第363章 文斗终章,余波未平
749局一邪修,抽筋扒皮我最凶 作者:佚名
第363章 文斗终章,余波未平
第三场文斗结束了,京海这回没捞著头名。
倒不是姬左道的手艺不过关——
那囚犯裤襠里那点儿伤,確確实实是接上了,功能齐备,流水通畅,不锈钢材质还抗造。
可架不住那囚犯自个儿心里头那道坎儿,它过不去啊!
这哥们儿把心一横,牙一咬,扯过那鋥光瓦亮的花洒软管,往脖子上一缠一绕,手底下死命一拽——
“咔嚓!”
一声脆响,脖子歪了,人也没气儿了。
临了临了,俩眼珠子还瞪得跟铜铃似的,死死盯著姬左道方向。
估摸著是想用最后那点倔强告诉这位爷:老子寧死不屈!是有种的玩意儿!
可惜,姬左道那会儿正神游天外,摸著下巴琢磨一哲学问题:
“这哥们儿……算不算是史上头一个被自个儿坤坤勒死的人?”
得,人一死,裁判席那边笔头子一划拉,分数“唰啦”就降下一大截。
理由也充分:治疗考核的首要目的是“救人活命、恢復如常”。
您这手艺活是够邪乎,接是接上了,可人患者接受不了,直接抹了脖子,这能算圆满成功吗?
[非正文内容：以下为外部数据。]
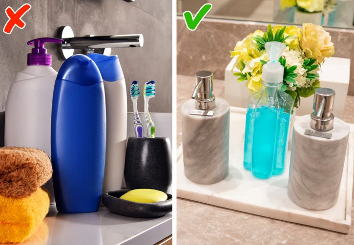 Βεβαιωθείτε ότι οι διανομείς σαπουνιού, τα δοχεία και οι θήκες οδοντόβουρτσας ταιριάζουν μεταξύ τους. Με αυτόν τον τρόπο, το μπάνιο σας θα φαίνονται πιο οργανωμένο. Πολλά καταστήματα πουλούν φθηνά σετ, και αν η ποικιλία σας μπερδεύει, απλώς επιλέξτε ουδέτερα χρώματα και μινιμαλιστικά σχέδια.
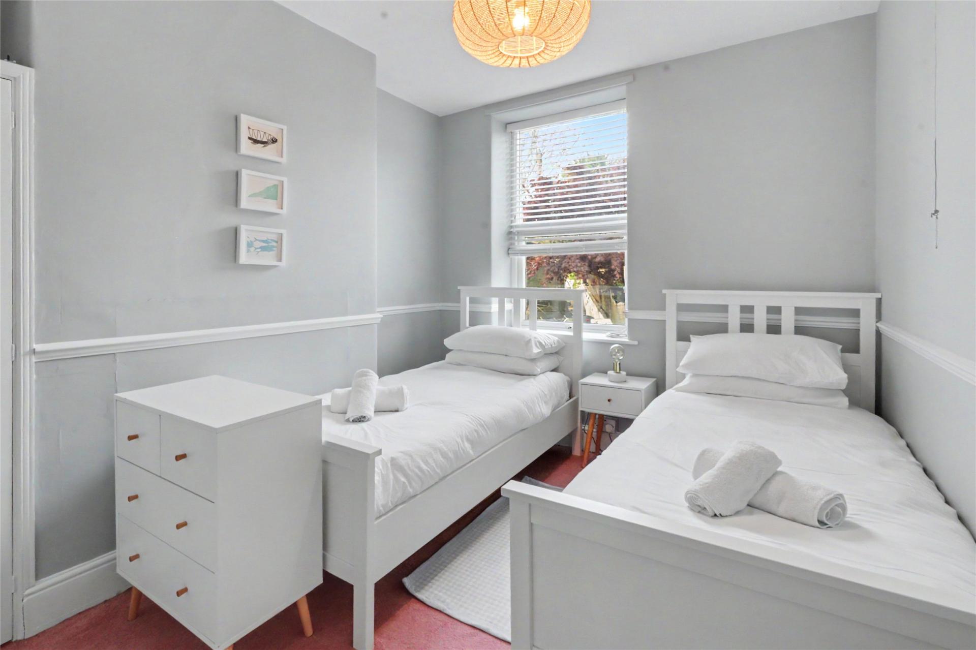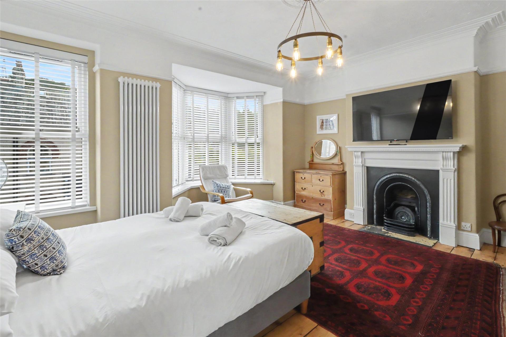 A half-landing leads to a large and well-appointed and recently replaced family bathroom with roll topped bath, shower cubicle and ornate pedestal wash handbasin. The combination boiler can also be found here also. A separate shower room/WC can also be found on this level. Continuing to the first floor, there are two generous bedrooms: the principal bedroom, located at the front of the house, spans the full width of the property with a feature fireplace and stripped original floorboards, while the second bedroom overlooks the rear garden.

没给你判个零蛋,已经是看在创意惊世骇俗的份儿上,友情给点辛苦分了。
好在,京海前两场贏得实在是忒他妈瓷实,分数高得晃眼。
就算第三场拉了胯,总分一摞,嘿,还是稳稳压了其他分局一头。
今年文斗总评第一,京海分局!
张玉宸一听这结果,那张老脸瞬间笑成了九月里的老菊花,褶子都泛著红光。
他美滋滋地一扭头,想找隔壁分局的老王炫耀两句——
没人。
再一扭头,想跟斜对面的老李挤咕挤咕眼儿——
还是没人。
张局长四下这么一踅摸,好嘛!刚才还围坐在旁边的各分局头头脑脑,这会儿全挪了窝,躲他远远的,凑在擂台另一头嘀嘀咕咕,没一个往他这儿瞅。
倒不是大伙儿排挤他。
主要是不想再听这老小子凡尔赛了!
好傢伙,往年就拿个武斗第一,那尾巴都能翘到天上去,嘚瑟得方圆十里人畜不寧。
今年可好,连他娘最不擅长的文斗都摘了魁首,这还了得?
接下来这一年,这张老脸还不得天天杵在咱跟前晃悠?
唾沫星子都得带著“文斗第一”的酸臭味儿!
惹不起,咱还躲不起吗?
唯独姬左道,抱著胳膊,撇著嘴,一脸的不乐意。
“嘖,晦气!”
他冲地上啐了一口,倒不是真在乎那点分数,主要是心里头那点小算盘落了空。
“本想著一鼓作气,给他来个连中三元,將来也是一段佳话。以后小爷我行走江湖,报上名號——『京海文斗连中三元的魁首』,嘖,多提气!多长脸!”
他越想越憋屈,抬脚踢在囚犯的尸体上。
“妈的,心理素质这么差,还学人出来混社会?脑袋別裤腰带的买卖,是你能干的吗?”
“还他妈白瞎我一个花洒!304食品级不锈钢,带四档模式能调水温的高级货!我自个儿澡堂子都捨不得装这么贵的!”
“现在这帮小年轻啊,真是……屁大点事儿就寻死觅活的,一点挫折都受不了。坤坤变花洒怎么了?花洒就不是洒了?洒得不也挺顺畅嘛!还带衝浪按摩呢!不识货!”
柳明和李书文在旁边听得嘴角直抽抽,俩人交换了一个眼神,那意思很明显:
这孙子,是真不知道自个儿干了啥,还是在这儿揣著明白装糊涂呢?
李书文低声音,从牙缝里挤出话来:“老柳,我要是那囚犯,死之前怎么也得扑上去,咬下他一块肉来。”
“咬肉?太便宜他了。要是我直接身上贴满爆炎符跟他爆了,奶奶的,姬兄这一手忒邪门了。”
“就是!”
李书文猛点头,“坤坤变花洒……这他娘是人能想出来的主意?我要是那哥们儿,我也得崩!死了算了!这以后还怎么见人?怎么尿尿?尿完了还得拿白醋泡?泡完了还得擦亮?我他妈……”
他说不下去了,光是想像那场景,就觉得自己裤襠里凉颼颼的。
柳明嘆了口气,目光投向远处被白布盖住的囚犯尸体,难得说了句公道话:
“其实那哥们儿也算条汉子。至少,没哭著求饶,也没真认了那花洒。寧可死,也不当个笑话活著。”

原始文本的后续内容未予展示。